We conducted VBM analyses using SPM8 v.4667, and SBM analyses with FreeSurfer 5.1.0. (Details in the Supplementary Information). In brief, after quality control checks, SPM segments the T1 structural data and produces a group template based on the entire group data set by nonlinearly warping each participant to the common brain template space while preserving local anatomical alterations. VBM analyses yield normalized gray matter volume measurement since it is sampled in template MNI space, not the individual space before normalization. In contrast, Freesurfer registers each vertices at individual gyrus/sulcus level to template but ultimately produce individualized measurement of volume, area and surface based on personally modeled brain morphometry and gray matter/white matter boundary contours. VBM data were smoothed using an 8-mm full width at half maximum Gaussian kernel in volume space, whereas SBM data were smoothed using 20 mm full width at half maximum Gaussian kernel in surface space to maximize sensitivities toward smaller clusters of structural differences as suggested by previous studies testing variety of full width at half maximum sizes in different sample sizes.34, 35

We used a region-of-interest (ROI) approach due to robust a priori hypotheses17 and its elevated statistical sensitivity. Four ROIs (Figure 1) were defined using independently a priori defined anatomical atlases (detailed in Supplementary Information), on the basis of regions previously reported to show structural and/or functional alterations associated with suicidal behavior, and differentiated on the basis of different brain connections36 and functional roles notably in valuation processes and cognitive control:37, 38 (1) the OFC,6, 7, 12, 13 (corresponding to the lateral part of Brodmann areas (BAs) 11, and BA 47); (2) the ventrolateral prefrontal cortex (referred to as VLPFC and corresponding to BA 44 and 45);39 (3) the ventromedial prefrontal cortex (including the medial part of BA 11, BA 10 and the ACC, both rostral and dorsal parts (BA 24/32); ROI referred to medial prefrontal cortex, MPFC)15 and (4) the dorsal and lateral prefrontal cortex (referred to as DPFC and corresponding to BA 46/8/9).5, 19, 20 Average measures of all the voxels (for VBM) or vertex (for SBM) measures within that ROI were used.

Figure 1
figure 1

Representation of the four regions-of-interest of the prefrontal cortex examined in this article. Blue: medial prefrontal cortex (MPFC; including anterior cingulate cortex, not shown); red: dorsal prefrontal cortex (DPFC); green: orbitofrontal cortex (OFC); violet: ventrolateral prefrontal cortex (VLPFC).

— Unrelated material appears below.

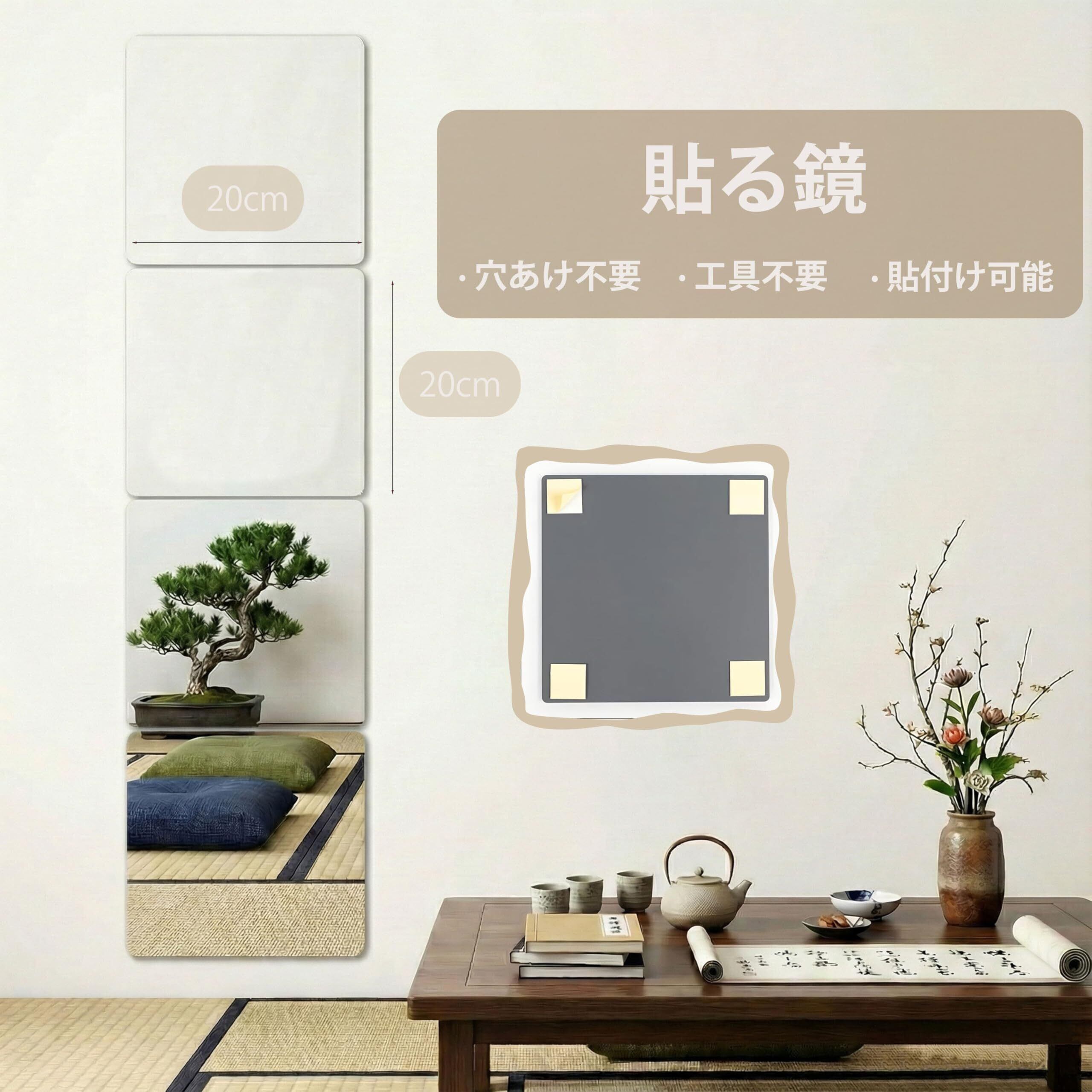 【数量限定】割れない鏡 壁掛け 全身鏡 姿見鏡 貼る鏡 - 浴室 鏡 クローゼット 玄関 ドア ウォールミラー - アクリルミラー 子供部屋 賃貸OK 簡単軽量ミラー - 飛散防止 防災 地震対策 穴あけ不要 工具不要 超軽い 鮮明 - 20x20cm 角丸 4枚セット

VBM, voxel-based morphometry.

Although multi-site neuroimaging poses challenges, samples can be combined and analyzed when groups are balanced across samples (which is the case here) and samples multi-site are properly controlled for in the analysis.40, 41 The total volume and surface area, and the average thickness in individual space and normalized gray matter volume in template space for each ROI were extracted and analyzed after covarying for relevant covariables consecutively. Group comparisons in normalized gray matter volume, and SBM volumes/areas were systematically controlled for intracranial volume.42

Statistical analyses

General linear model, followed by Tukey’s post hoc, were used to compare quantitative variables between groups, and Pearson’s correlation to examine associations between quantitative variables. Qualitative variables were compared using χ2 tests.

We additionally calculated effect sizes (Cohen’s d) and its 95% confidence interval based on marginal means and standard error output from the general linear model (after accounting for the appropriate covariates) for the main contrasts between SA and both control groups.

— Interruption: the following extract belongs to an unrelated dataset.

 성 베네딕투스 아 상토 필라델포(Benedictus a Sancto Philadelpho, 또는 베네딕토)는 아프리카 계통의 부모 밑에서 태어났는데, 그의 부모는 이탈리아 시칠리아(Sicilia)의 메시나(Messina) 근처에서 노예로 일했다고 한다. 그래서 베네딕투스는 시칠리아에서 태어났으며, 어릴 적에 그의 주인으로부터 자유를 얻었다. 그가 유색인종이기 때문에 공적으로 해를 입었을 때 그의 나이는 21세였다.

A binary logistic regression model was used for sensitivity and specificity analyses.

When applying, the alpha level was set at 0.05 unless a Bonferroni correction was necessary. The threshold for ROI analyses was set at a very conservative Bonferroni-corrected P<0.002 (P<0.05 divided by four ROIs, two sides and four different measures).

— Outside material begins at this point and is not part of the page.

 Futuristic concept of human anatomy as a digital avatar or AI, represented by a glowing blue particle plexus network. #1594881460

Statistical analyses were carried out with SPSS 20 (SPSS, Chicago, IL, USA).

Results

Socio-demographic and clinical variables

Groups were equally distributed across samples (see Supplementary Information). Similar between-groups differences were observed across all three samples and the pooled sample (Table 1). Although euthymic, HDRS and Beck Depression Inventory scores were higher in patients as expected. These variables were not used as covariates as they are related to the group profile. Level of education was higher in HCs than SAs. Moreover, there were more males in HC than both patient groups.

Table 1 Description and comparison of socio-demographic and clinical variables across the three groups in the pooled sample

SAs did not differ significantly from PCs on socio-demographic or clinical variables. However, they received significantly more antipsychotics with a trend for more anxiolytics/hypnotics. Most suicidal acts (85%) were drug overdose.

Neuroimaging findings

Voxel-based morphometry

See Table 2 for group comparisons of all measures, Figure 2 for effect size analyses and Figure 3 for a correlation map between all measured examined here.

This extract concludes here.